Thankfully, once again, I had men and women around me who loved me deeply and cared for my emotional and spiritual health. They urged me to begin counseling so that I could grow in greater self-awareness and experience some much-needed healing and freedom.

Codependency in Ministry

With fresh eyes, I’ve had to revisit truths I had written. Not only do I need to regularly remember that Jesus really is sufficient, but I’ve also come to see that I need people of understanding to help me draw out the deep waters of my heart as well.

I’ve come to see my codependency in ministry and relationships — codependency being defined as I am good only if you are good with me. Or, your outside (response) determines my inside (feelings and beliefs). This codependency has produced in me a false belief that I am overly responsible for the church and the behavior of others. It has also led me to look to others to give me what only Jesus can.

And because I’ve felt overly responsible for others’ behavior and made myself much more in need of others’ approval, I’ve learned to subconsciously maneuver, manipulate, and seek to control others’ behaviors and opinions of me. This is not freedom.

Paul warns against this kind of ministry: “Am I now seeking the approval of man, or of God? Or am I trying to please man? If I were still trying to please man, I would not be a servant of Christ” (Galatians 1:10). When anyone or anything other than Jesus has mastery over us, we are not free.

Sufficiency and Camaraderie

So, what are we to do? First, as I’m still learning to do, we remember and trust in the sufficiency of Jesus Christ for our acceptance, significance, and security. You and I are forgiven, accepted, and made complete not by our own work, but by the work of Jesus Christ.

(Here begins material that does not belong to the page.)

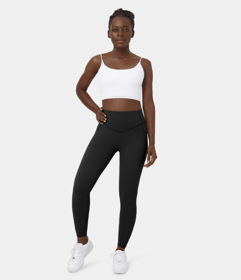 :: Halara High Waisted Side Pocket Shaping Training 7/8 Women's Leggings Black | 918635-JBA

However, I would expect that, like me, you also need the help of others. Some may find that for a season you need more help than your friends can provide. If so, I urge you to see a gospel-centered counselor who will help you holistically walk through healing and freedom. But more significantly, for the long run, look for men or women of understanding who can come alongside of you as friends, and graciously and lovingly draw out the deep waters of your heart (Proverbs 20:5). People who walk closely with God, have gone through their own journey of healing, have wisdom from God and his word, and love people genuinely and carefully.

Once we find those friends and counselors, we ask them what they see in us. One question I have learned to ask is, What’s it like being on the other side of me? Another helpful question might be, Where do you see me depend more on self or others than on Jesus? Now, in order to have the personal security to even ask this, you will need to go back to step one: Trust in the sufficiency of Jesus Christ for your own sense of acceptance, significance, and security.

As for me, I confess that I am a codependent pastor who is increasingly moving toward greater dependency on Jesus and healthy interdependency on others. How about you?